Supplied information:
____

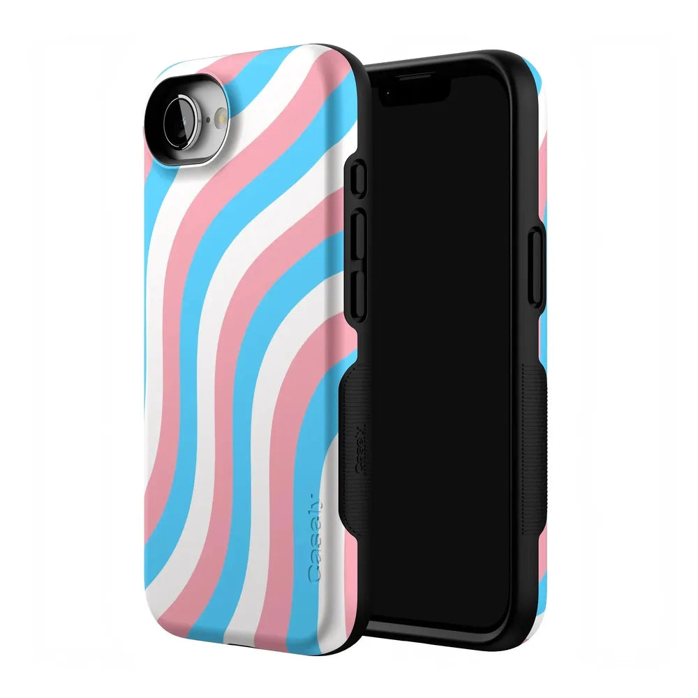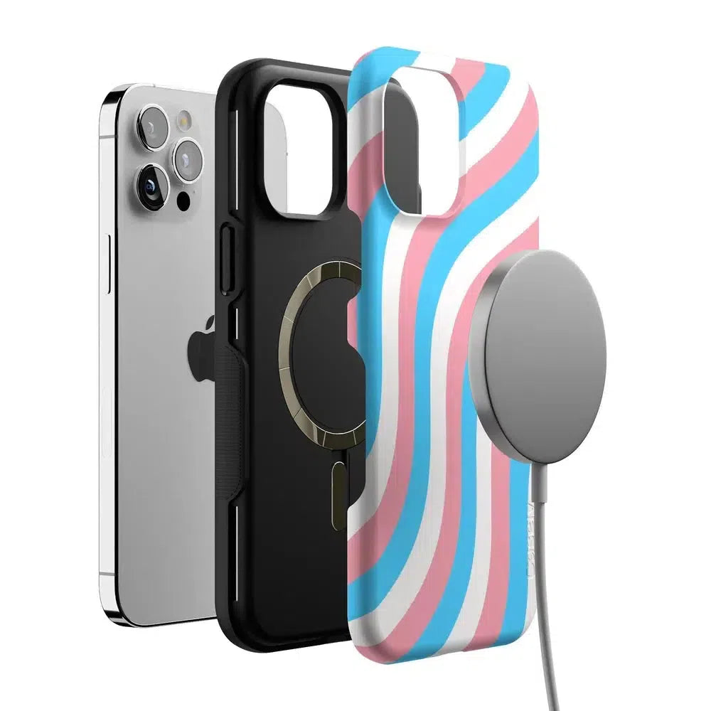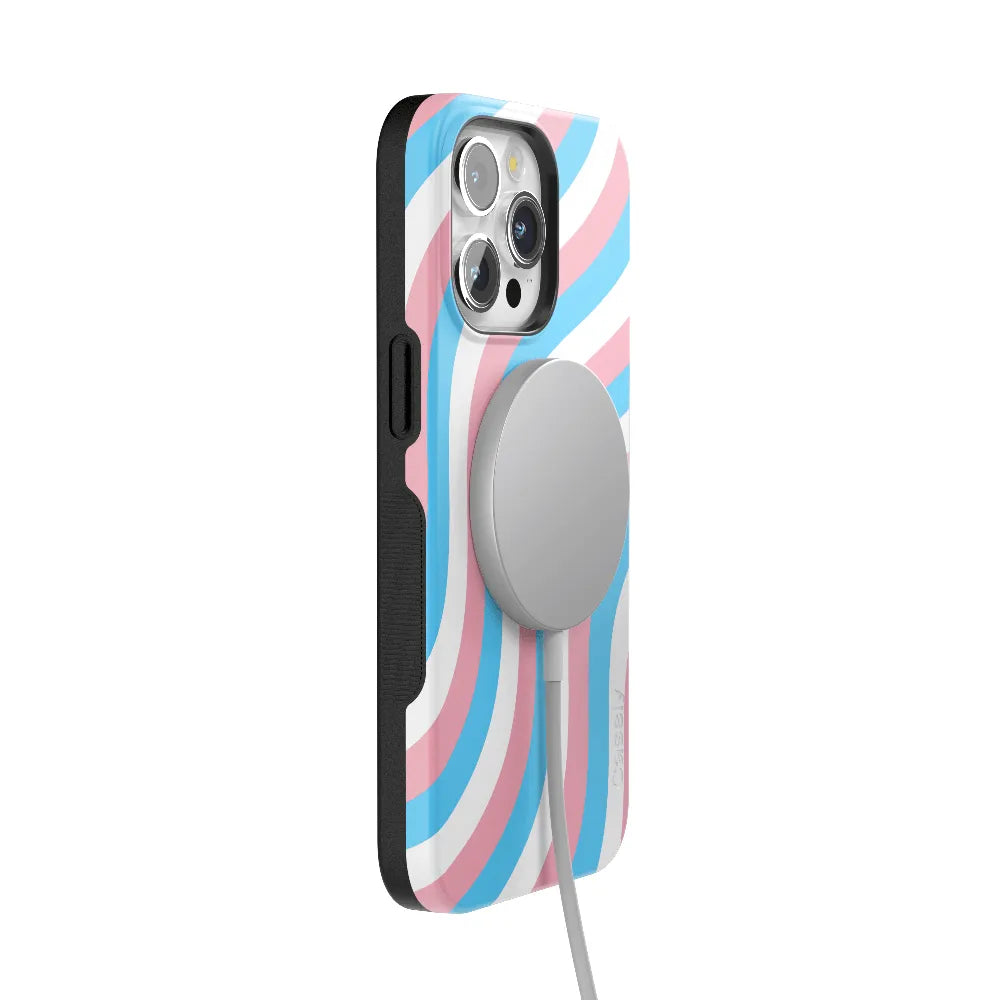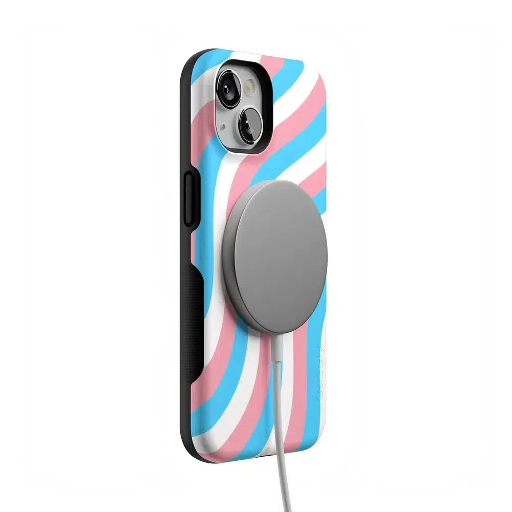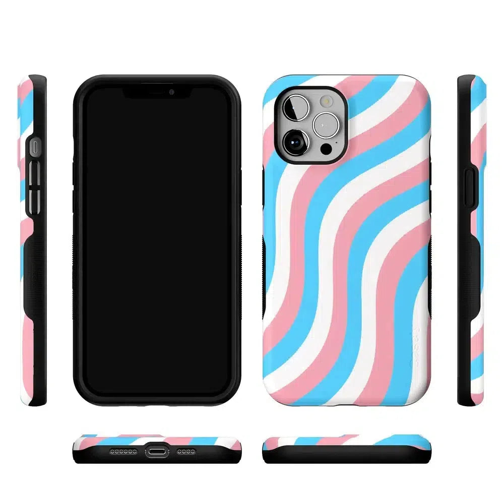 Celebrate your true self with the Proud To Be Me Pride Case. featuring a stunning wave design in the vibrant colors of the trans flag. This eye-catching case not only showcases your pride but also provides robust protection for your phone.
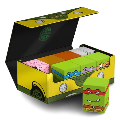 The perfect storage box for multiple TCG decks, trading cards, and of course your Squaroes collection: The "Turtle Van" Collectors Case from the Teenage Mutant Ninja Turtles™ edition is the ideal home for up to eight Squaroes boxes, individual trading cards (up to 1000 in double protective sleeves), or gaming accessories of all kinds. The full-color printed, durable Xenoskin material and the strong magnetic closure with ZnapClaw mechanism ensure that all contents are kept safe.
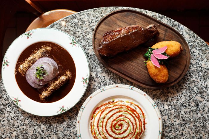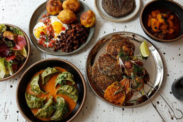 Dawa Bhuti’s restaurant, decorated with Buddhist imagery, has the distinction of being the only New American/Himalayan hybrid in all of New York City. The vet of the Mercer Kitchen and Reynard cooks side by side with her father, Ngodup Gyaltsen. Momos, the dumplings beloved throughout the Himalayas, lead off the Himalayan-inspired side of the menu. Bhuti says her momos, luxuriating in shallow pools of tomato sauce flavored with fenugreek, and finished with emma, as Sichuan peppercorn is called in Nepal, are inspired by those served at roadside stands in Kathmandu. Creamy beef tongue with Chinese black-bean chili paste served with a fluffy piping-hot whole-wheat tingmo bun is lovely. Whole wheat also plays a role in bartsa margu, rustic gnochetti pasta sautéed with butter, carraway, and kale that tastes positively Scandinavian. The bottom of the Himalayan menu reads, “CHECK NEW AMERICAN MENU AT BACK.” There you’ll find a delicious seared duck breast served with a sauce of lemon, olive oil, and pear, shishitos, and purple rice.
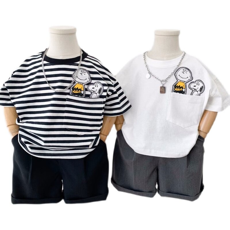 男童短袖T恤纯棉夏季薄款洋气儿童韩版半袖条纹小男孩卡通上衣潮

____

Activity: The answer should consist only of the lines from the line with "Dawa Bhuti’s restaurant, decorated" through the last line of the data, repeated exactly; pictures stay out.

Problem solution:
 Dawa Bhuti’s restaurant, decorated with Buddhist imagery, has the distinction of being the only New American/Himalayan hybrid in all of New York City. The vet of the Mercer Kitchen and Reynard cooks side by side with her father, Ngodup Gyaltsen. Momos, the dumplings beloved throughout the Himalayas, lead off the Himalayan-inspired side of the menu. Bhuti says her momos, luxuriating in shallow pools of tomato sauce flavored with fenugreek, and finished with emma, as Sichuan peppercorn is called in Nepal, are inspired by those served at roadside stands in Kathmandu. Creamy beef tongue with Chinese black-bean chili paste served with a fluffy piping-hot whole-wheat tingmo bun is lovely. Whole wheat also plays a role in bartsa margu, rustic gnochetti pasta sautéed with butter, carraway, and kale that tastes positively Scandinavian. The bottom of the Himalayan menu reads, “CHECK NEW AMERICAN MENU AT BACK.” There you’ll find a delicious seared duck breast served with a sauce of lemon, olive oil, and pear, shishitos, and purple rice.
 男童短袖T恤纯棉夏季薄款洋气儿童韩版半袖条纹小男孩卡通上衣潮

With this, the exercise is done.